Extracted data:
_ _ _ _ _ _ _

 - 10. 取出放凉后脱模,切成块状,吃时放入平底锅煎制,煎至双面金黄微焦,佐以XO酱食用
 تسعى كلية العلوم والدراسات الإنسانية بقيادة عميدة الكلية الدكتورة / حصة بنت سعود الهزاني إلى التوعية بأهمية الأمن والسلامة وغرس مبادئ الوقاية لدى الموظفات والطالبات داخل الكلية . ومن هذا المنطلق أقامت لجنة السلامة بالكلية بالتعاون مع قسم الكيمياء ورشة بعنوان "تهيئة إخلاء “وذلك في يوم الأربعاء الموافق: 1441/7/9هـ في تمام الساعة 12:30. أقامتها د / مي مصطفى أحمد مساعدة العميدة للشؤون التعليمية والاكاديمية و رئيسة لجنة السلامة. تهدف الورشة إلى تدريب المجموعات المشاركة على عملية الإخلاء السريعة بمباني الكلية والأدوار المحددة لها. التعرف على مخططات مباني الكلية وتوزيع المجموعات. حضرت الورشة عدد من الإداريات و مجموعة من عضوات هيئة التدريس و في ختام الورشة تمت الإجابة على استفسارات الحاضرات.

_ _ _ _ _ _ _

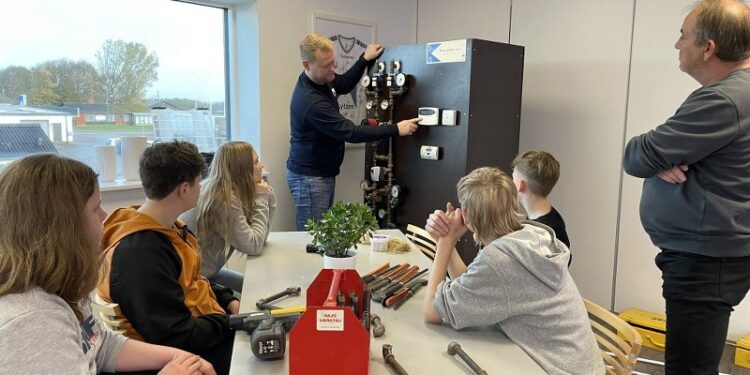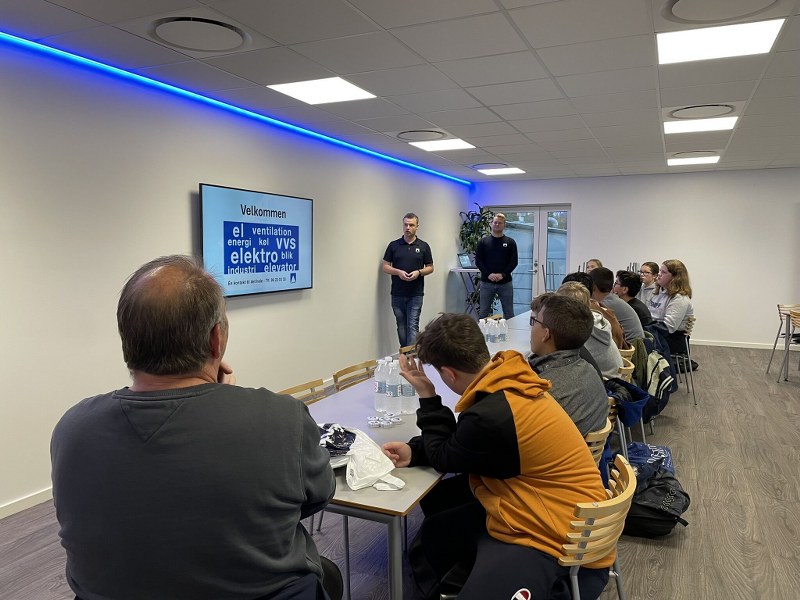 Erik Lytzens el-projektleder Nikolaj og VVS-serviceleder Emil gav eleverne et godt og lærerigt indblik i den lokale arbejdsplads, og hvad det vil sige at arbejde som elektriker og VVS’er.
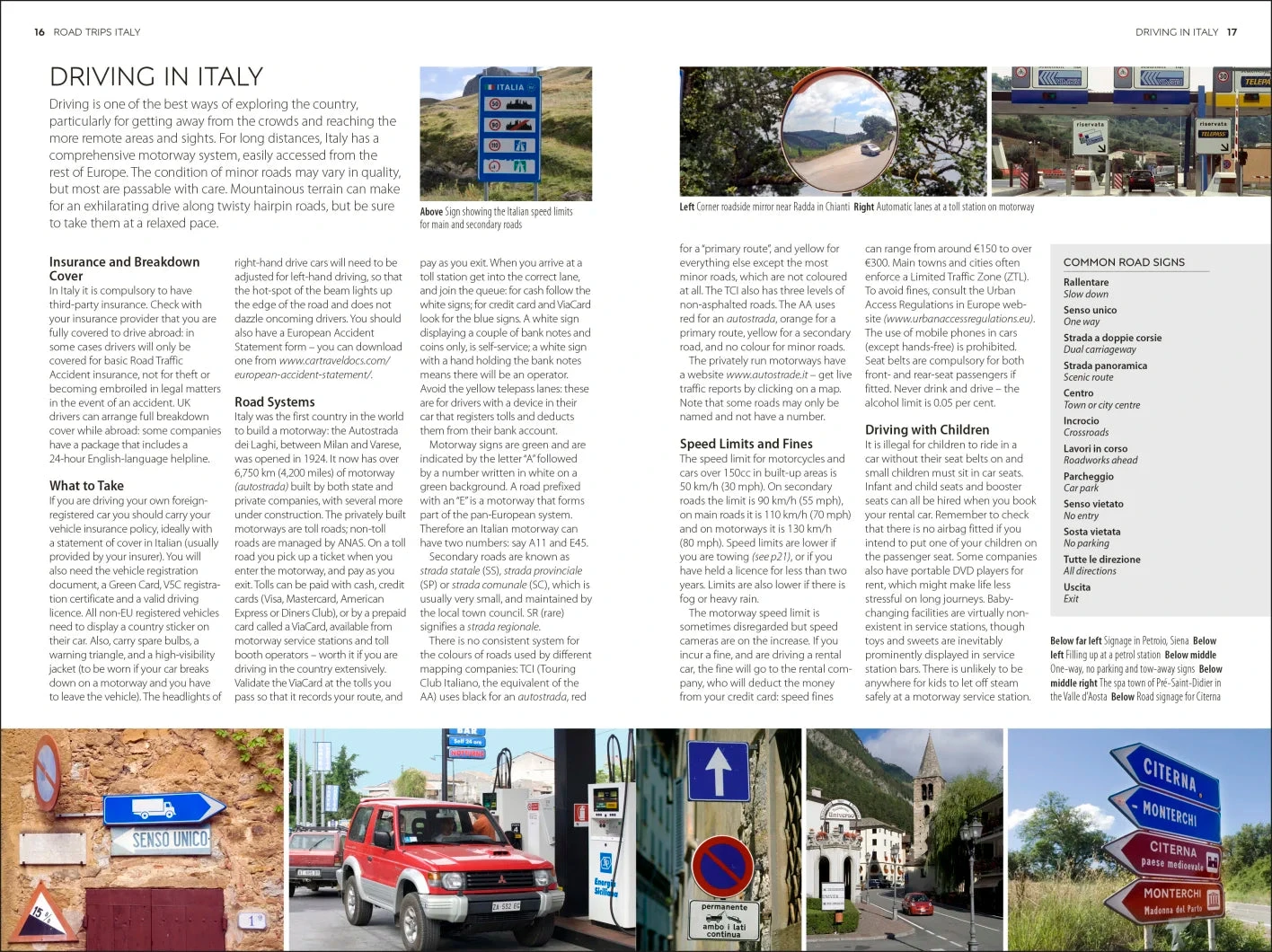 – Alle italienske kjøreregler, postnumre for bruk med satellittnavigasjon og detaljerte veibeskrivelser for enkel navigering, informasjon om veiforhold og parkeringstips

_ _ _ _ _ _ _

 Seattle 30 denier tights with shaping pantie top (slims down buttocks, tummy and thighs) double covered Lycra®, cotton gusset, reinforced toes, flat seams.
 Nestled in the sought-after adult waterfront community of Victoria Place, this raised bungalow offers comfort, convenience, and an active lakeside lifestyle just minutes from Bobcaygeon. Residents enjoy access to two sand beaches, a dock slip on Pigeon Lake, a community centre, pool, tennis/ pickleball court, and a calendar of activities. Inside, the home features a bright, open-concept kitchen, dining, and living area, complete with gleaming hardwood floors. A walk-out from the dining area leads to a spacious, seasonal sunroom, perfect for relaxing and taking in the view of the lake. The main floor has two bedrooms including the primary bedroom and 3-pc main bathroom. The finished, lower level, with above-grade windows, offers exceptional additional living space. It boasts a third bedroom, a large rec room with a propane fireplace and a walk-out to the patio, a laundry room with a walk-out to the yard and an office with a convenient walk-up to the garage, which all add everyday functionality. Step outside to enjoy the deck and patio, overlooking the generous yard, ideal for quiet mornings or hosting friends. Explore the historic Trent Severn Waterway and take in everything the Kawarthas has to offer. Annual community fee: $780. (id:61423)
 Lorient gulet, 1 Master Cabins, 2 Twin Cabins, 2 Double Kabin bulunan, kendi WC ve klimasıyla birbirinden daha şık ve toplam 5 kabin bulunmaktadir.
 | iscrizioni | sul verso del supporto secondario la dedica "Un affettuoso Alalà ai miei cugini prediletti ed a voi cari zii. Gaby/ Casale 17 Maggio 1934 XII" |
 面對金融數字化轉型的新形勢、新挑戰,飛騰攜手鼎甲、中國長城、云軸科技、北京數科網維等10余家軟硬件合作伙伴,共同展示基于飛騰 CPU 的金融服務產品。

_ _ _ _ _ _ _

What needs to be done:
Copy all lines of the material above where the string "with" occurs.

Output of the exercise:
 Seattle 30 denier tights with shaping pantie top (slims down buttocks, tummy and thighs) double covered Lycra®, cotton gusset, reinforced toes, flat seams.
 Nestled in the sought-after adult waterfront community of Victoria Place, this raised bungalow offers comfort, convenience, and an active lakeside lifestyle just minutes from Bobcaygeon. Residents enjoy access to two sand beaches, a dock slip on Pigeon Lake, a community centre, pool, tennis/ pickleball court, and a calendar of activities. Inside, the home features a bright, open-concept kitchen, dining, and living area, complete with gleaming hardwood floors. A walk-out from the dining area leads to a spacious, seasonal sunroom, perfect for relaxing and taking in the view of the lake. The main floor has two bedrooms including the primary bedroom and 3-pc main bathroom. The finished, lower level, with above-grade windows, offers exceptional additional living space. It boasts a third bedroom, a large rec room with a propane fireplace and a walk-out to the patio, a laundry room with a walk-out to the yard and an office with a convenient walk-up to the garage, which all add everyday functionality. Step outside to enjoy the deck and patio, overlooking the generous yard, ideal for quiet mornings or hosting friends. Explore the historic Trent Severn Waterway and take in everything the Kawarthas has to offer. Annual community fee: $780. (id:61423)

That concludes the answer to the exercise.